Another Psalm, Psalm 68, speaks equally well towards predicting and foreshadowing what would undoubtedly be the ascension of Jesus. Psalm 68:18-19 in particular says - "You have ascended on high, You have led captive Your captives; You have received gifts among men,
Even among the rebellious also, that the Lord God may dwell there. 19 Blessed be the Lord, who daily bears our burden, The God who is our salvation." Ephesians 4:7-10 explicitly states that Psalm 68 is speaking of Jesus' ascension: "
But to each one of us grace was given according to the measure of Christ’s gift. 8 Therefore it says, “When He ascended on high, He led captive a host of captives, and He gave gifts to men.” 9 (Now this expression, “He ascended,” what does it mean except that He also had descended into the lower parts of the earth? 10 He who descended is Himself also He who ascended far above all the heavens, so that He might fill all things.)"

So in considering the Old Testament backdrop, we can see one of the reasons why Jesus concluded His earthly ministry in an ascension: to express His exalted Deity before His disciples. 

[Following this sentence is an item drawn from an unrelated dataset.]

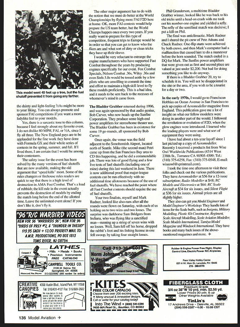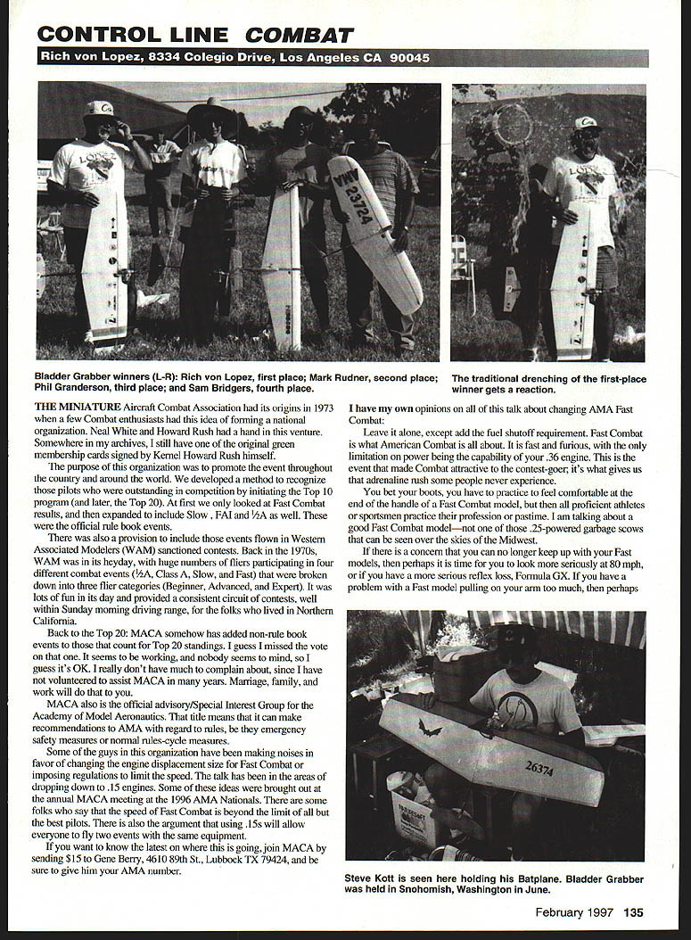 CONTROL LINE COMBAT THE MINIATuRE Aircraft Combat Association its origins 1973 few Combat enthusiasts idea fonmng national organization Neal White Howard Rush hand venture Somewhere archives still have original green membership cards signed Kernel Howard Rush himself purpose organization promote event throughout countty around world developed method recognize pilots outstanding competition initiating Top 10 program later Top 20 first oaly looked Fast Combat results expanded include Slow well official rule book events also provision include events flown Western Associated Modelers WAM sanctioned contests Back 1970s WAM its heyday huge numbers fliers participating four different combat events Class Slow Fast broken down three flier categories Beginner Advaneed Expert lots fun its day provided consistent circuit contests well within Sunday morning driving range folks lived Northern California Back Top 20 MACA somehow has added non-rule book events count Top 20 standings guess missed vote seems working nobody seems mind guess its OK Ireally dont have much complain about since have volunteered assist MACA years Marriage family work will MACA also official advisory/Special Interest Group Academy Model Aeronautics title means can make recommendations AMA regard rules emergency safety measures normal rules-cycle measures Some guys organization have making noises favor changing engine displaeement size Fast Combat imposing regulations limit speed talk has areas dropping down 15 engines Some ideas brought out annual MACA meeting 1996 AMA Nationals some folks say speed Fast Combat beyond limit best pilots also argument using 15s will allow everyone fly two events same equipment want know latest going join MACA sending $15 Gene Berry 4610 89th St Lubbock TX 79424 sure give him AMA number have own opinions talk about changing AMA Fast Combat Leave alone except add fuel shutoff requirement Fast Combat what American Combat about fast furious limitation power being capability 36 engine event made Combat attractive contest-goer its what gives us adrenaline rush some people never experience bet boots have practice feel comfortable end handle Fast Combat model proficient athietes sportsmen practice profession pastime am talking about good Fast Combat modelnot 25-powered garbage scows can seen over skies Midwest concern can no longer keep up Fast models perhaps time look seriously 80mph have serious reflex loss Formula GX have problem Fast model pulling arm too much perhaps February 1997 135 Bladder Grabber winners L-R Rich von Lopez first place Mark Rudner second place Phil Granderson third place Sam Bridgers fourth place traditional drenching first-place winner gets reaction Steve Kott seen holding Batplane Bladder Grabber held Snohomish Washington June dainty light-feeling As might liking can always promote sponsor FM competitions want ladylike feel models Yes sarcastic tone column because feel strongly about favorite event dislike 80 MPH FAI /2A since fly three New England guys applauded fine work have done Formula GX whole series contests spring summer fall lived am certain would among contestants safety issue event has solved versions fuel shutoffs now available making old argument speed kills moot Some rules changers firehouse rules readers quick say high level destruction AMA Fast Combat Thats load rubbish kill rule event actually prevents destruction models ending match long before end allotted time Leave unlimited event alone dont like dont fly _LA TI-f ES Mills ls s Precision Instruments FREE CATALOG CAMPBELL TOOLS Co 2100-M Selma Rd Spnngfield Oil 45505 Meserer4 Y DIer 513-3228562 800 emiter orde other major argument has notion must better World Championships flying FAT F2D home OK FM contests would help prepare US team better World Champs happen once two years really want prepare type competition frequent trips Europe would order can get know -fliers what sort dirty clean tricks have up sleeve would very reluctant estrange engine manufacturers have supported Fast Combat throughout years producing engines specifically event Fox Combat Specials Nelson Combat 36s Wiley 36s Stels 58s would tossed aside few pilots unwilling commit time effort maintain high skill level fly models proficienfly bad idea needs sent back recesses whomevers mind came Bladder Grabber returned during 1996 again sponsored audio genius Bob Carver now heads up Sunfire Corporation produce some high-end power amplifiers stereo/home theater use Bladder Grabber has existence some 19 go-rounds sponsored Bob Carver Once again venue field adjacent Sonohomish Airport located north Seattle Mike second man Petri came up San Francisco Bay area CD happening did commendable job lots good flying few live tests fuel shutoffs including during last weekend June now additional proof major-league contests can run effectively no additional time allotments because use fuel shutoffs have reached point Fast Combat contests should require use fuel shutoffs two finalists myself Mark Rudner looked like also-rans after rounds flown Saturday us holding two wins two losses surprise darkhorse Sam Bridgers Indiana flying like sanctified manrunning up string seven wins no losses Well Sam fell off horse dropped rabbits foot fishing license fell swoop taking four straight losses Phil Granderson multitime Bladder Grabber winner looked like back old tricks until head-on crash took out number-one engine yielded refly refly semifinal match decisive put kill Phil final anticlimactic Mark Rudner shared pit crew Pete Athans Chuck Rudner One-flip starts achieved both crews Marks computer malfunction caused him maneuver before horn sounded match ended DQ Mark Sunfire power amplifiers given out first second place valued just under $2200 bad doing something like anyway Bladder Grabber 20 try schedule will disappointed site area wish tourist day two early 1970s would go Franciscan Hobbies Ocean Avenue San Francisco pick up copies Aeromodeller magazine England publication

Closing thoughts: We should rejoice when God is exalted
Now I find it interesting upon viewing these two Psalms that we find reference to joy over the fact that God is being exalted in the lifting up of His glory before the people. Psalm 47:1 begins by saying: "O clap your hands, all peoples;Shout to God with the voice of joy." Psalm 68:32-35 ends Psalm 68 with these words - "Sing to God, O kingdoms of the earth,Sing praises to the Lord, Selah. 33 To Him who rides upon the highest heavens, which are from ancient times; Behold, He speaks forth with His voice, a mighty voice. 34 Ascribe strength to God; His majesty is over Israel And His strength is in the skies. 35 O God, You are awesome from Your sanctuary. The God of Israel Himself gives strength and power to the people. Blessed be God!" 

As we consider these Old Testament shadows and predictions of the Ascension, we have cause to rejoice over the fact that now we can read about the substance and fulfillment of those marvelous truths. This idea of joy and God's exaltation is clearly shown in how the disciples respond to Jesus' ascension in Luke 24:51-53 "While He was blessing them, He parted from them and was carried up into heaven. 52 And they, after worshiping Him, returned to Jerusalem with great joy, 53 and were continually in the temple praising God."

May we pray and ask the Holy Spirit to stir our hearts to rejoice and marvel over the ascended glory of our Lord Jesus Christ.

1. Charles Spurgeon. Treasure of David, Volume One. Associated Publishers and Authors. 1970. Page 395.